Эфраим ушел с цирковой группой Зейтуни, неся на плечах Жана Вальжана. Это произошло по окончании семидневного траура по моим родителям. Арабская граната, брошенная в наш дом, покатилась под мою кровать с шипеньем и дымом. Треск разлетевшегося оконного стекла разбудил моего отца, но, прежде чем он почуял запах тлеющего фитиля, понял, что происходит, и зажег свет, прошли драгоценные секунды. «Рыловский йеке» сгреб меня одним движением, которое закутало меня в одеяло, швырнуло в воздух и выбросило, как сверток, через окно, а потом всем телом упал на мою мать, которая во сне обняла его руками и ногами и улыбнулась.
Люди услышали взрыв, находясь в Народном доме, где все собрались на общее собрание. Обсуждался вопрос о замене нескольких центральных поливальных труб, и страсти кипели. Все разом вырвались из дверей здания и бросились на звук удаляющегося громового раската, на треск пылающих стен и на запах паленого мяса.
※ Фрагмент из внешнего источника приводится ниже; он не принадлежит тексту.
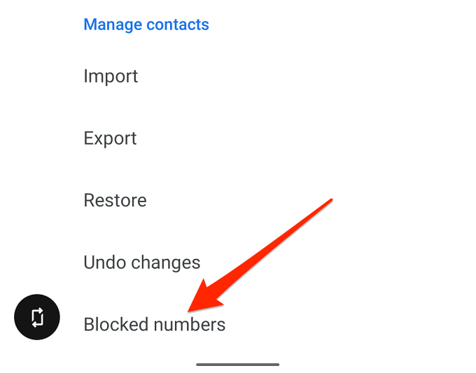- Head to the “Manage contacts” section and select Blocked numbers.
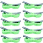 ナイロンスリングベルト50mm幅、6m長、10本セット。使用荷重1600kgで強度を確保。園芸や引越し、出荷作業に最適。警告線付きで安全性向上。コスパに優れた便利な道具です。
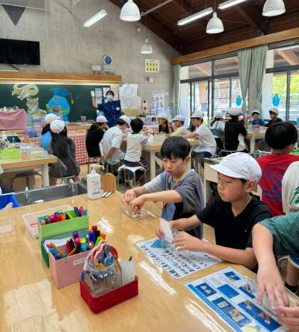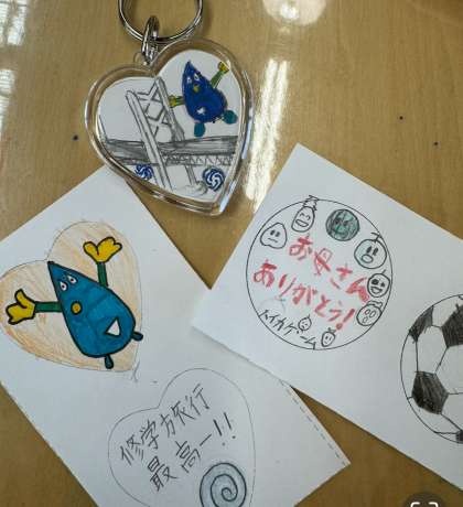 体験工房でキーホルダー作りをしています。思い出を絵や言葉に表しました。
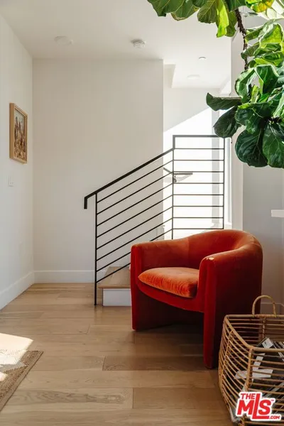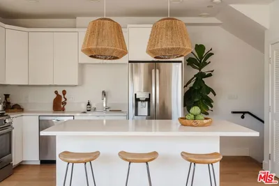Built in 2019, where Echo Park and Silver Lake converge, this contemporary 2-bedroom, 2.5-bathroom small lot single-family home spans 1,560 square feet across three levels and is topped with a private rooftop deck showcasing city views. With clean architectural lines, abundant natural light, and leased solar for added efficiency, the residence offers easy living in one of LA's most dynamic neighborhoods. A private and gated front entry leads to the ground-level foyer, complete with a powder room and direct access to the attached two-car garage, outfitted with MyQ smart garage opener and offering additional storage. Upstairs, the main living level is bright and airy, highlighted by expansive windows and warm hardwood flooring throughout. The living room transitions seamlessly into the dining area, which opens to a wraparound balcony framed by lush greenery, creating an easy indoor-outdoor flow. The kitchen is thoughtfully designed with stainless steel appliances, quartz countertops, and ample cabinetry, balancing style and functionality. A conveniently located laundry closet sits just off the kitchen on this level. Above the living spaces, on the third level, are two private bedroom suites. The primary suite includes ample closet space and an ensuite bathroom with dual sinks, a glass-enclosed shower, a separate soaking tub, and contemporary finishes. The second bedroom is well-sized and versatile, perfect for guests, a home office, or a creative space with its own hallway bath. At the top level, a private rooftop deck captures sweeping hillside views and offers a hedged open-air setting ideal for relaxing or entertaining beneath the California sky, complete with a dedicated BBQ hookup. Thoughtful upgrades, including a tankless water heater, Nest thermostat and ADT Home Security System, enhance the home's overall comfort and efficiency. Located just moments from neighborhood favorites like Botanica, Canyon Coffee, Lady Byrd Cafe, and L & E Oyster Bar, and close to the trails of Elysian Park and the shops and restaurants along Sunset, this Echo Park home delivers modern comfort with unbeatable access to the best of the Eastside.
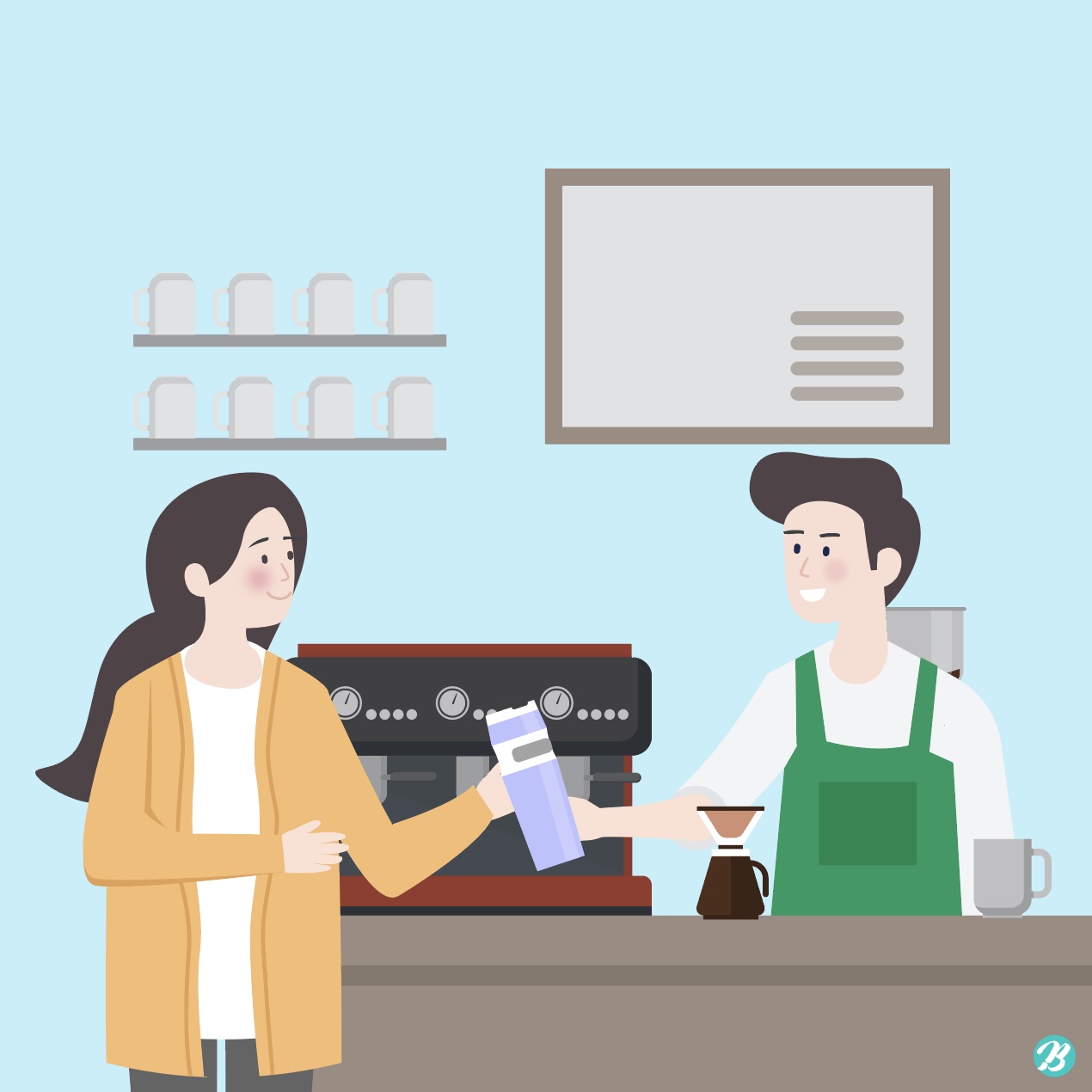 This is Tommy, Master Creator of Urban Brush. The image below is a sample cafe illustration using a tumbler. It is an illustration image expressing the appearance of exchanging tumblers in a cafe. It is an illustration image depicting a cafe using a tumbler. This is an illustrative image suitable for use in categories related to tumbler, cafe, barista, eco-friendly, ESG, nature conservation, and environmental protection. Download the cafe illustration vector file using Tumblr and use it for ESG-related design. Included fonts are examples and are not included in the file. Please inquire with the font company for use.
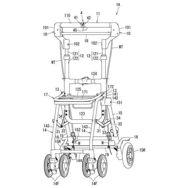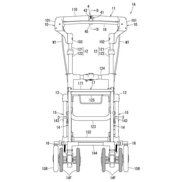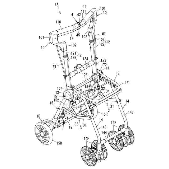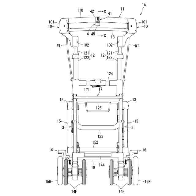 また、手押し車は、操舵部に対し離間する離間位置に設けられた制動レバーを備えたものもあり、この制動レバーを操舵部に接近する制動位置へ向かって操作することで、前後両輪のうちの左右の後輪を制動するようにしている(特許文献1参照)。
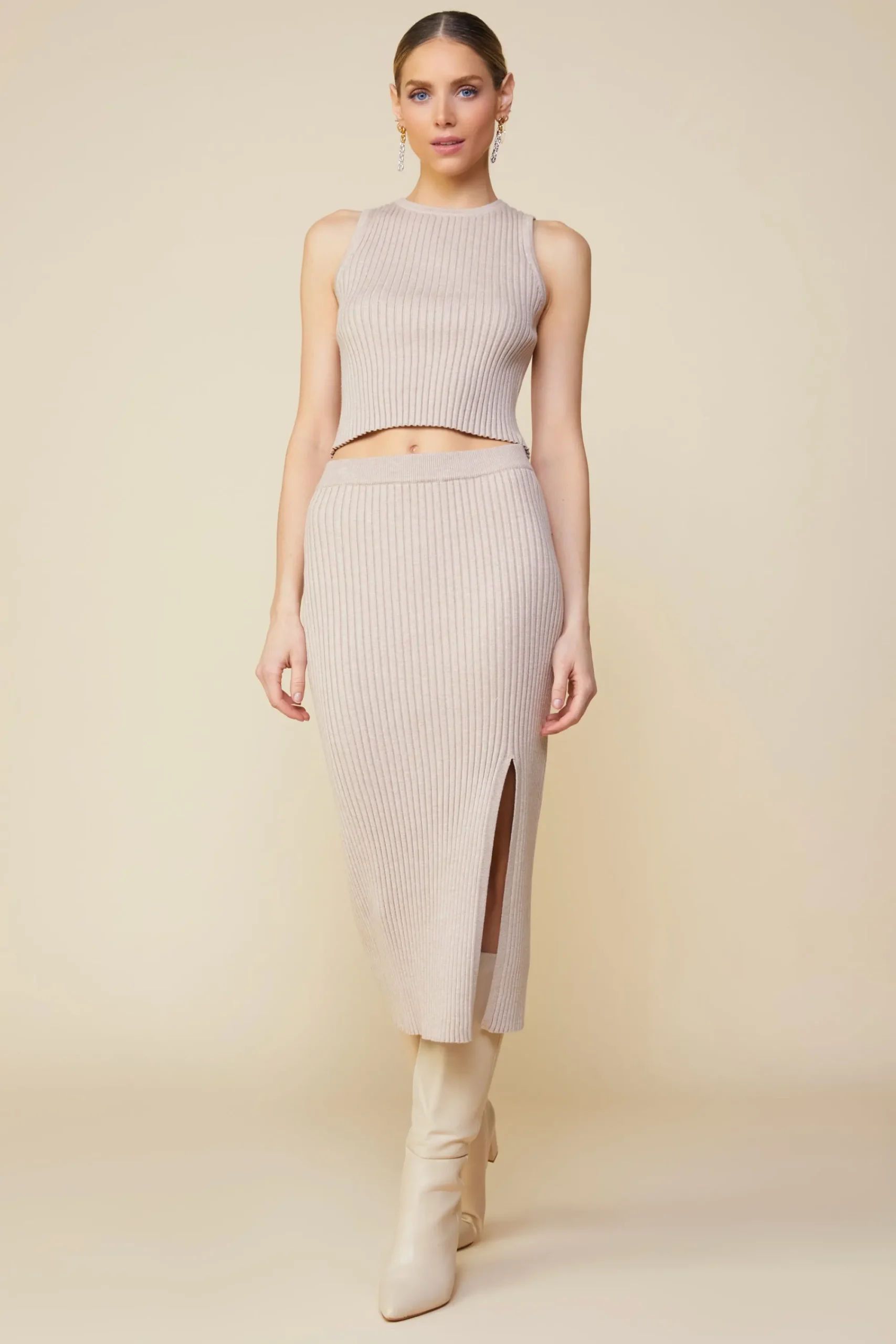 This curve-tracing midi skirt is crafted from a cozy rib knit that follows your figure before falling to an alluring slit hem. Make it set with the coordinating top, or switch up the look and wear it with a simple tee or a silky tank.
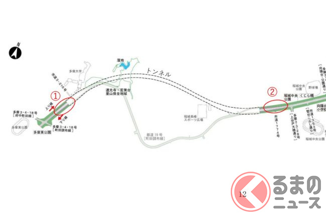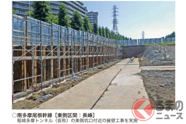 側道すらつながっていない若葉台公園地区でも、長さ約1.8kmに及ぶ「稲城多摩トンネル」で、2025年の掘削開始に向けた準備が進められています。
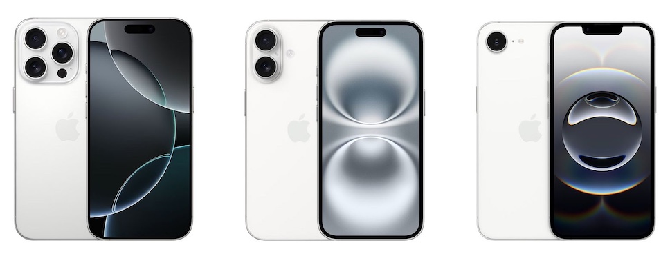 iPhone 16e มีกล้องด้านหลังเพียงตัวเดียว จึงใช้วอลเปเปอร์รูปทรงกลมเพียงตัวเดียว ขณะที่วอลเปเปอร์ของ iPhone 16 มีรูปทรงกลม 2 วง และ iPhone 16 Pro มีรูปทรงกลม 3 วงซ้อนกัน
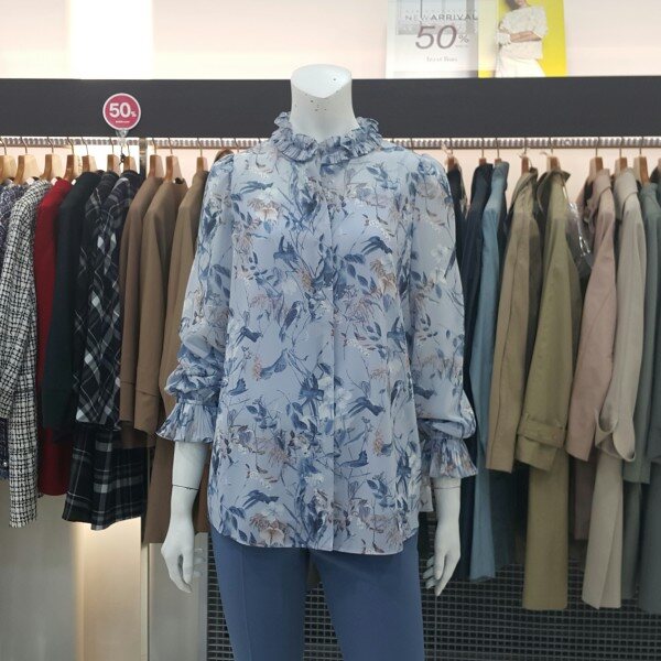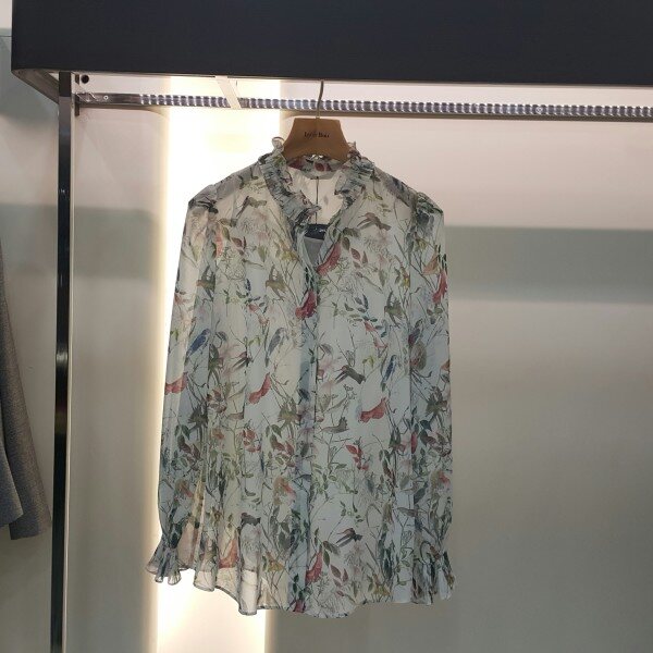 살랑거리는 쉬폰 소재의 버드프린트 블라우스입니다넥라인과 소매부분의 프릴장식이여성스러우며 고급스런디자인입니다속 나시가 있습니다다양한 아이템으로 연출해보세요~
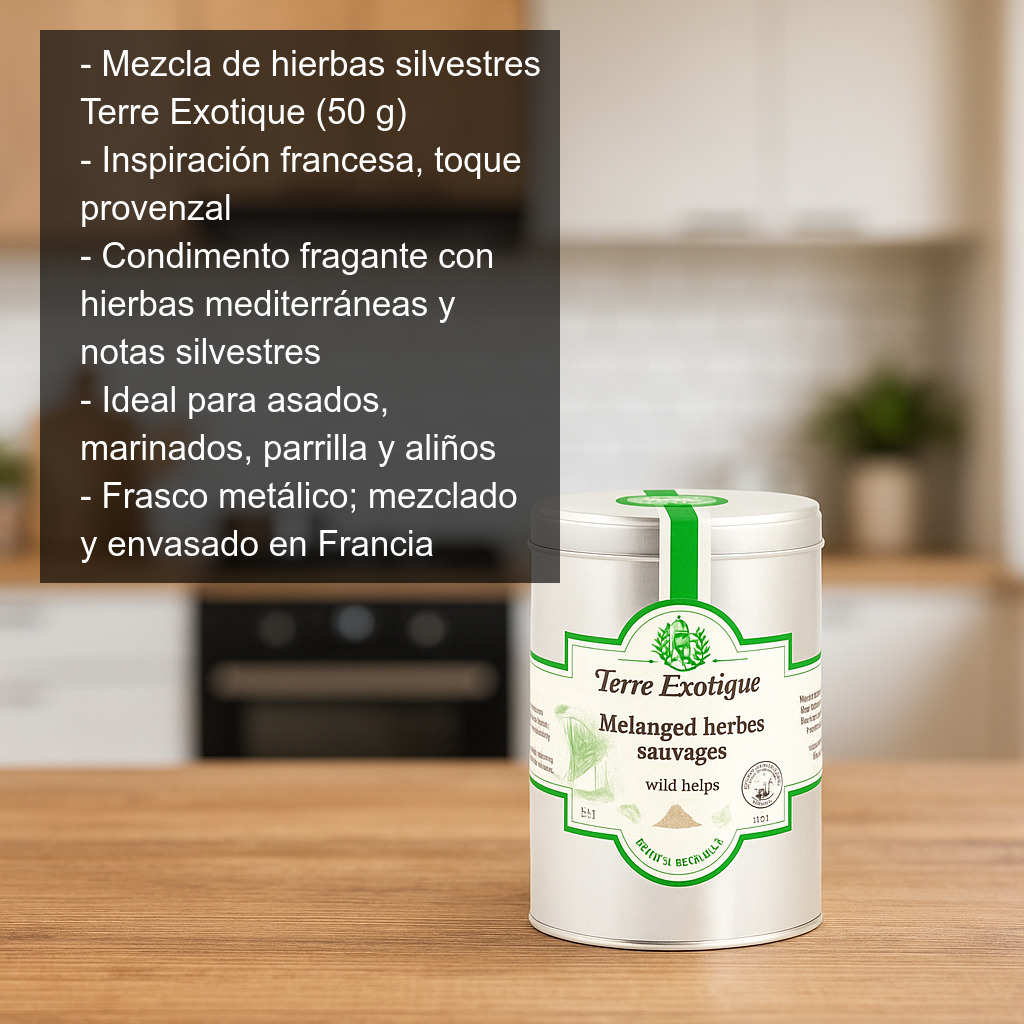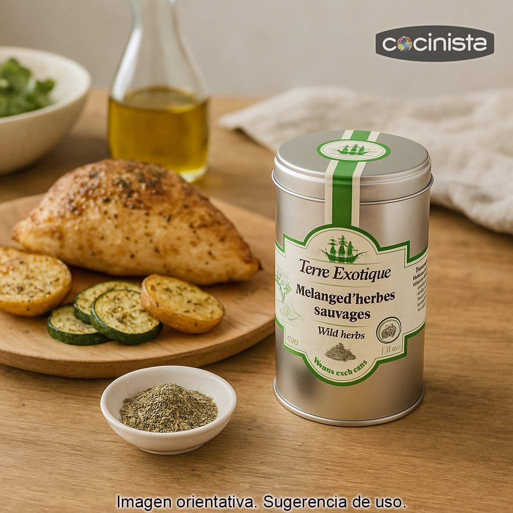 La Mezcla de hierbas silvestres (50 g) de Terre Exotique es una combinación aromática de clara inspiración francesa, elaborada con una selección cuidadosamente equilibrada de hierbas mediterráneas y notas silvestres. El resultado es un condimento fragante, lleno de matices, ideal para realzar recetas cotidianas y platos especiales con un toque provenzal.

Когда они добежали до рыловского двора, все уже затихло. Коровы перестали реветь и вернулись к своим кормушкам. Дым развеялся. Далеко оттуда, в Берлине, так я себе представляю, неутомимый мститель Даниэль Либерзон проснулся, разбуженный ночным кошмаром, и закричал так громко, что его было слышно издалека. «Домой!» — вопил он, как ребенок, загадил брюки, сосал палец и ползал, как ящерица, по своей постели. Друзья закутали его в чистую простыню и убаюкали, покачав кровать, а наутро пришли двое шотландцев, которые знали множество языков и тайных дорог, чтобы сопровождать его в долгом возвращении в Палестину.